In the report, which is published every May and November, the bank says, “At this time, the key issue in the conduct of monetary policy in Canada is the extent of the current slowdown in the pace of economic activity stemming primarily from developments in the United States.”
The central bank concedes that the slowdown in the U.S. has been greater than anticipated, but it sticks to its call for a strengthening in the second half of 2001. “After slowing in the first half of 2001, economic growth in Canada is expected to pick up in the second half and rise somewhat further in 2002 to slightly above the economy’s growth potential. This view reflects several factors: a second-half pickup in U.S. growth, completion of the current inventory correction, continued investment in new technology by businesses, recent tax cuts, and the easing in domestic monetary conditions.”

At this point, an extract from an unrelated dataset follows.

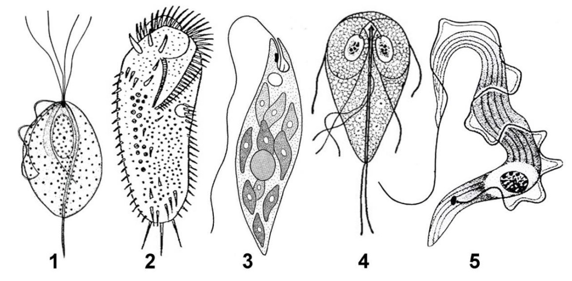 Какие из изображённых на рисунках организмов имеют стигму (светочувствительный глазок)?

The bank hints that further rate cuts may be in the cards. It notes that the cuts totalling 100 basis points already this year are consistent with the bank’s goal of keeping inflation close to the 2% midpoint of its 1% to 3% target range. Based on its prediction that slowing activity and a movement towards excess supply will result in core inflation below 2% over the remainder of 2001, it can be expected that the Bank is open to further cuts.
In its report, the bank states that inflation is expected to move back to 2% by the end of 2002 as the economy grows above potential. The rate of increase in the total Consumer Price Index is expected to be volatile over the next few months, before moving down to 2% by the end of 2001 if world energy prices remain close to current levels.
“The main risk to this outlook for the Canadian economy is the timing and strength of the projected pickup in U.S. growth. The bank will continue to monitor developments in this area closely,” it notes. “Europe continues to exhibit positive momentum although at a slower pace. Emerging-market economies have been adversely affected by the U.S. slowdown. In Japan, the economy remains weak.”